Your goal
Below are entries. Give back exactly the lines from the one containing "cosmetiquera y cartuchera." through the one containing "Инструкция - 1 шт. |", inclusive, without the pictures.

---------- Given information ----------

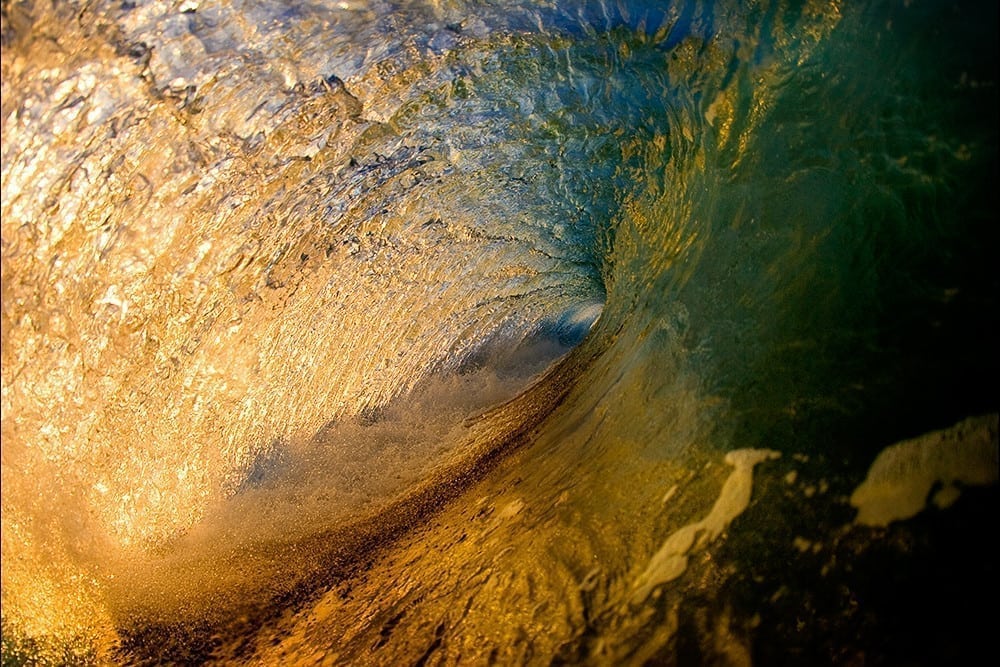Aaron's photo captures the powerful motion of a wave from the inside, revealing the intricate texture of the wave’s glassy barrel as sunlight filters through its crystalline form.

----------
---------- Given information ----------

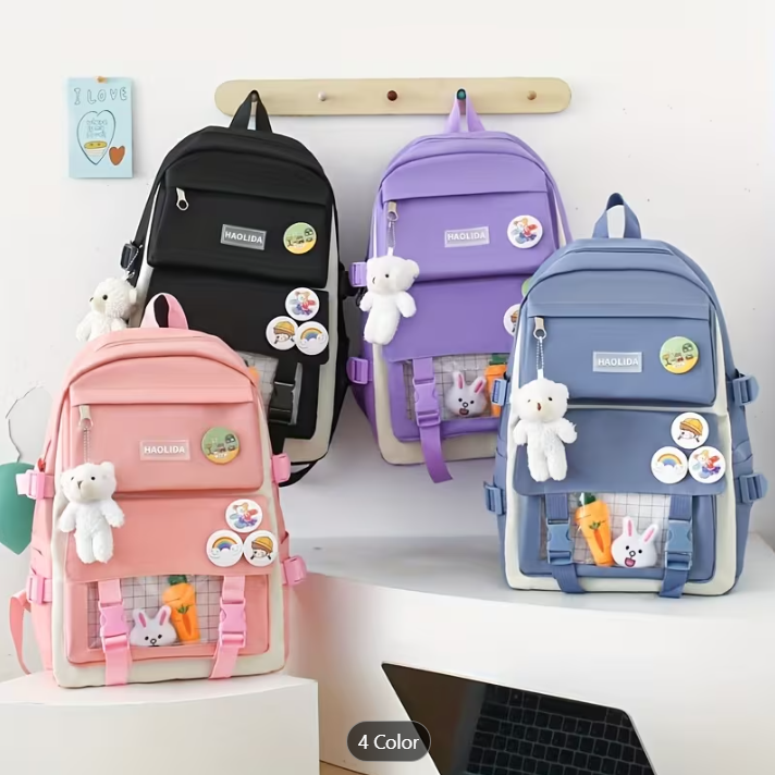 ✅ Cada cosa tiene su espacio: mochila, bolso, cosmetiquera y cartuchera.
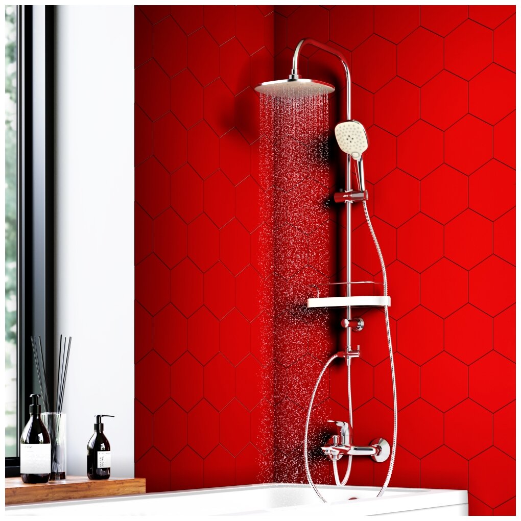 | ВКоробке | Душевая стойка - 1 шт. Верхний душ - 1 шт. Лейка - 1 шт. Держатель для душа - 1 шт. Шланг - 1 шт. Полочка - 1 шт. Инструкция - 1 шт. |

----------

Response to this exercise
 ✅ Cada cosa tiene su espacio: mochila, bolso, cosmetiquera y cartuchera.
 | ВКоробке | Душевая стойка - 1 шт. Верхний душ - 1 шт. Лейка - 1 шт. Держатель для душа - 1 шт. Шланг - 1 шт. Полочка - 1 шт. Инструкция - 1 шт. |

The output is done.